> [Given data]:
· · · · · · ·
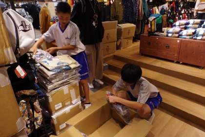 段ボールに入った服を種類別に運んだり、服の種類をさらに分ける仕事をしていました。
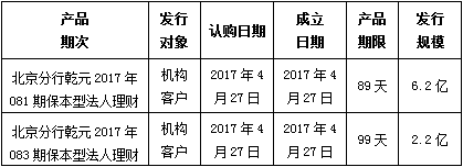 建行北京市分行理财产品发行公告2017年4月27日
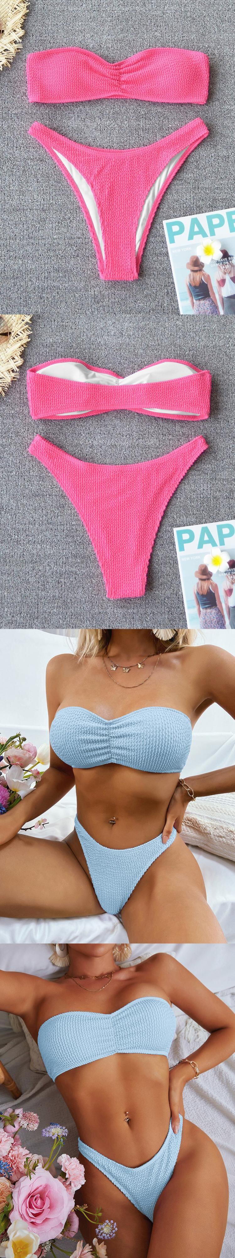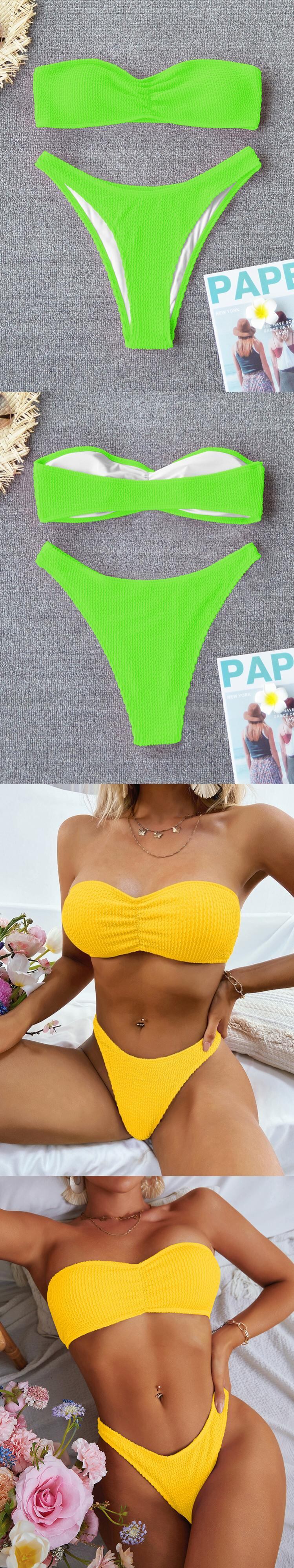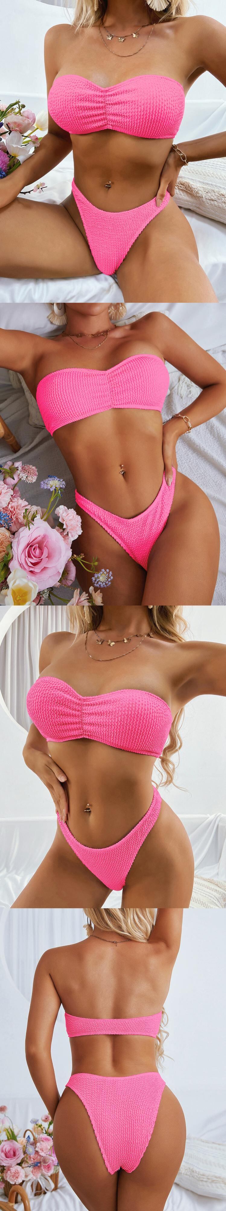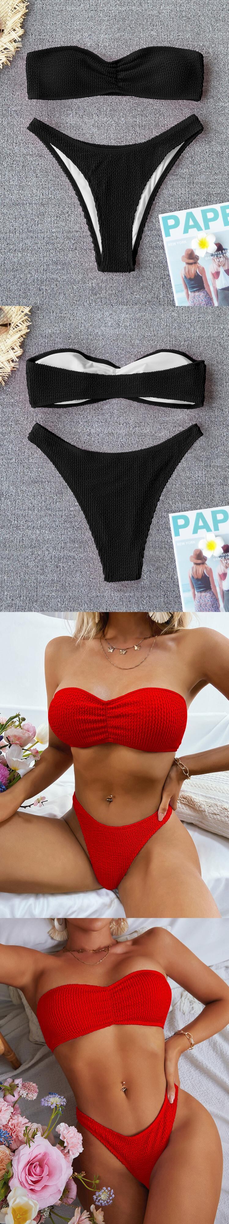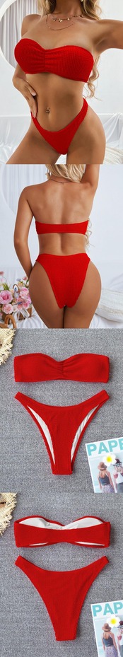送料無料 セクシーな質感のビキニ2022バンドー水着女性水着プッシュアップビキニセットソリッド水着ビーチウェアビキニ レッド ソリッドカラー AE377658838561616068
· · · · · · ·
> [Activity]: An exact, image-free transcript of the material is required.

> [Answer section]:
 段ボールに入った服を種類別に運んだり、服の種類をさらに分ける仕事をしていました。
 建行北京市分行理财产品发行公告2017年4月27日
送料無料 セクシーな質感のビキニ2022バンドー水着女性水着プッシュアップビキニセットソリッド水着ビーチウェアビキニ レッド ソリッドカラー AE377658838561616068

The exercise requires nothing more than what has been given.